Some types of machine learning models, such as Random Trees, include methods for producing predictor importance measures. For others, such as regression models like linear and logistic regression, measures of predictor importance are not built into
the algorithms. The IBM SPSS Spark Machine Learning Library features a separate
PredictorImportance option that can be applied
after fitting these models. To do this, you would replace the code in Step 2 in the example with code (for the linear regression example, where the model is named linearRegressionModel and the data frame is named data):
val linearRegressionPMML = linearRegressionModel.toPMML() import com.ibm.spss.ml.utils.PredictorImportance val pi = PredictorImportance(linearRegressionPMML) val piModel = pi.fit(data) val piPMML = piModel.toPMML() import com.ibm.spss.scala.ModelViewer val html = ModelViewer.toHTML(pc,piPMML,Option(linearRegressionModel.statXML)) kernel.magics.html(html)

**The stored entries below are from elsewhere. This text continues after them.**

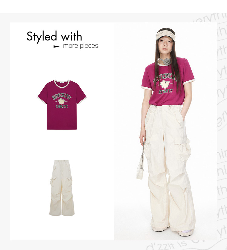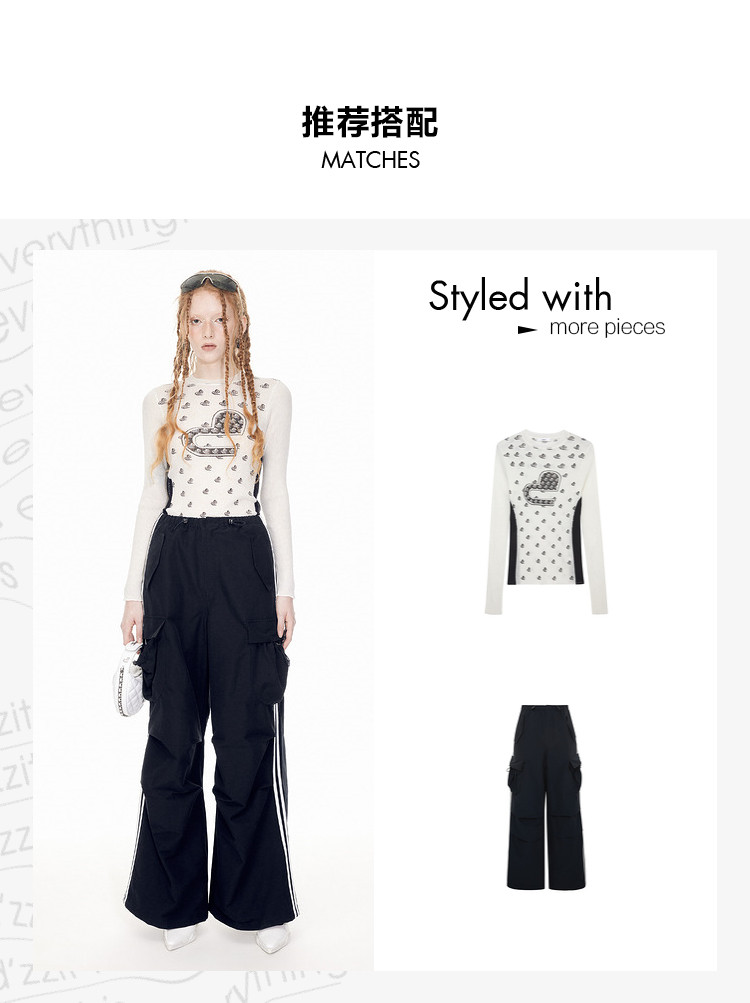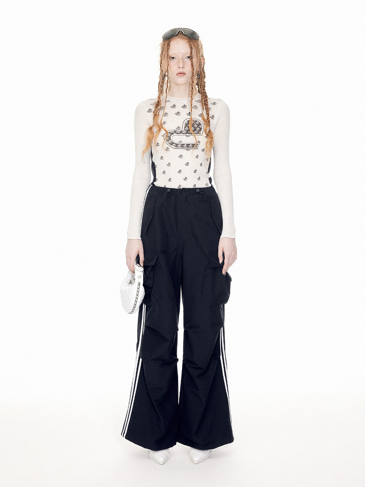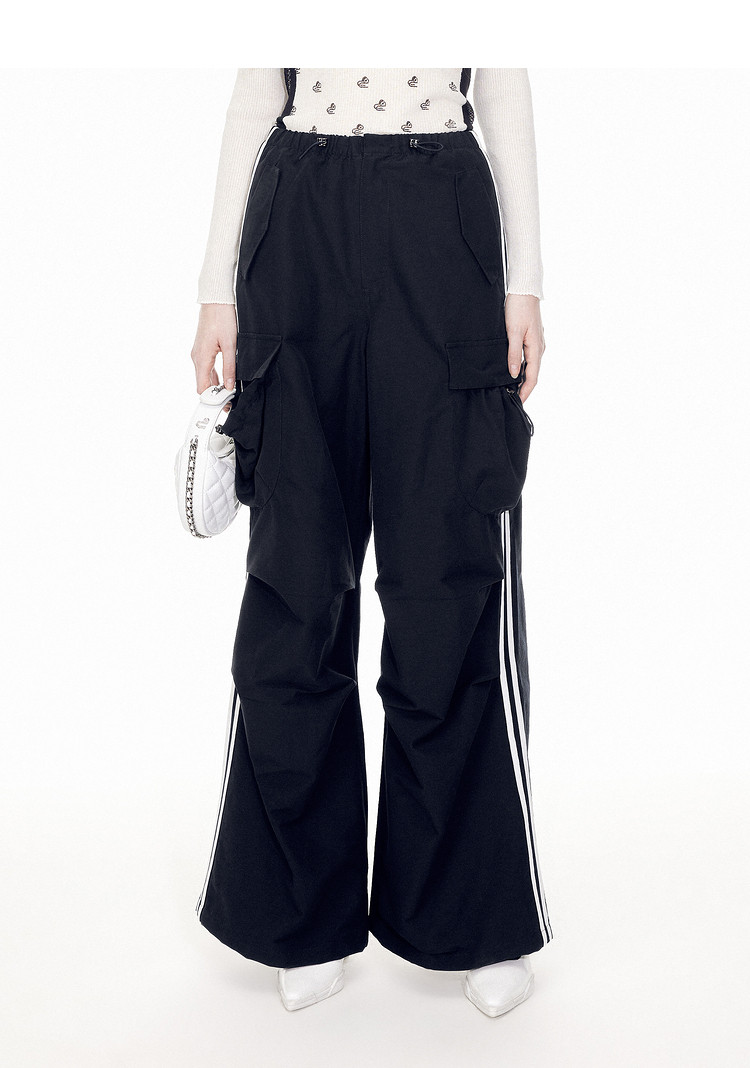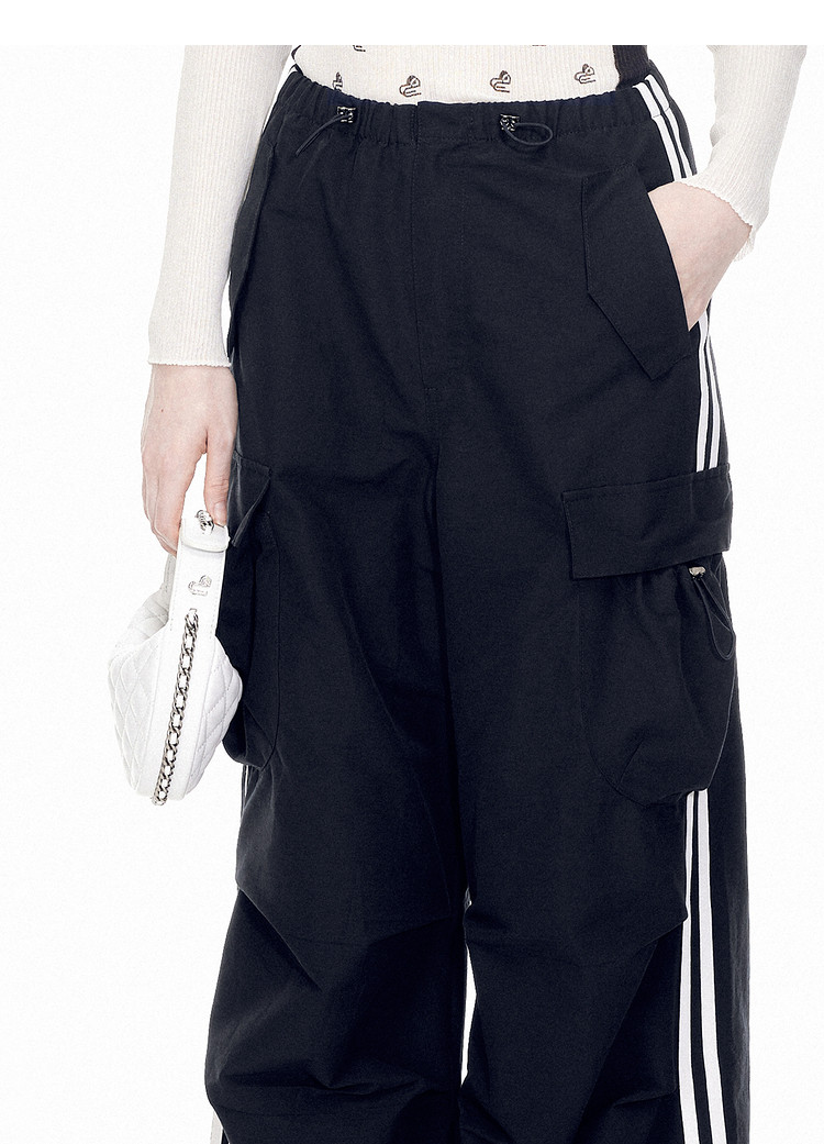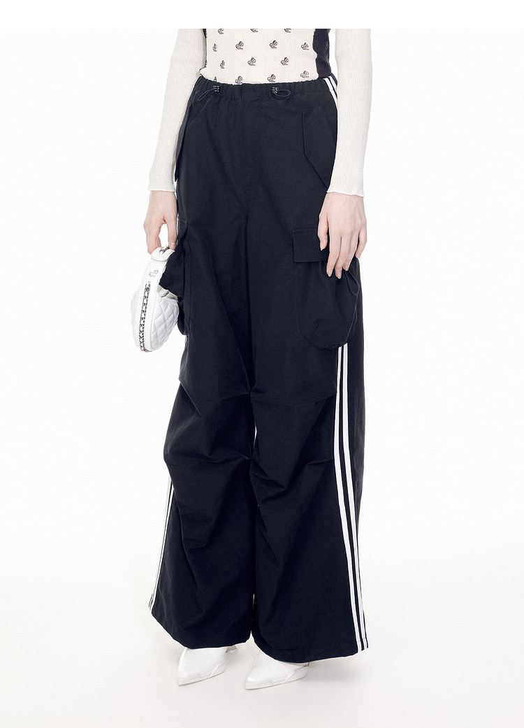 地素 运动休闲裤春秋工装风松紧抽绳腰宽松阔腿长裤女 445963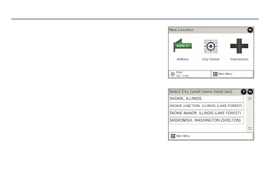 4. Prompts appear in the top bar. Tap the city to select. Or,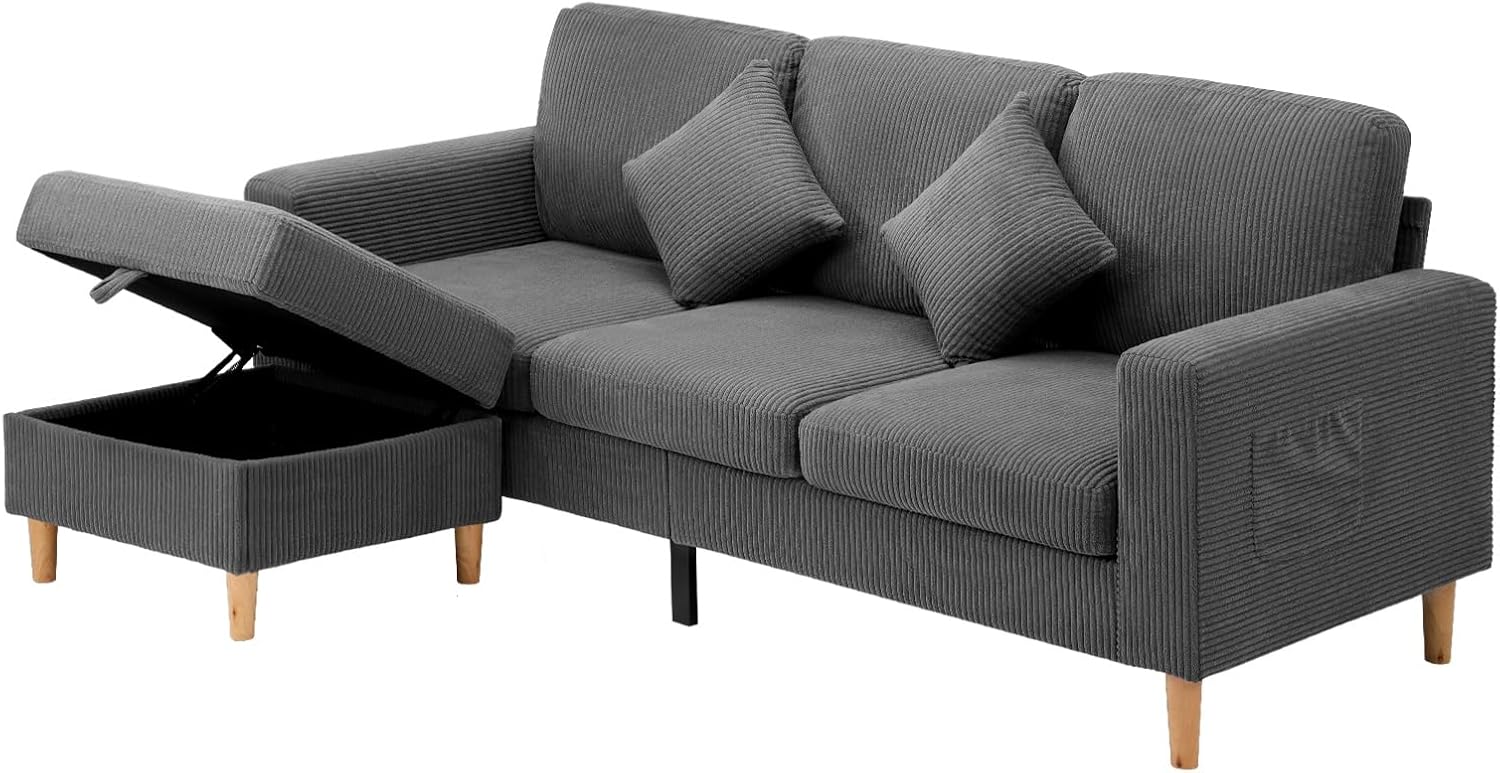 • OIKITURE Sofu Bed with Movuble Ottomun Storuge, 3-Seuter Modulur Couch with Cushions, Sofu Lounge Set for Sectionul Sofu with Side Pockets for Living Room, Bedroom, Velvet Grey

The three sections of code perform the following steps:
- The first line creates a PMML object linearRegressionPMML containing the PMML output from the linear regression model.
- The middle block of code imports the Predictor Importance function, applies it to the data frame data and the existing PMML file linearRegressionPMML and produces a new PMML object containing the predictor importance values in addition to the information from the linear regression.
- The last section calls the ModelViewer method, specifying use of the new PMML file and the original statXML file that was automatically produced in running the linear regression model.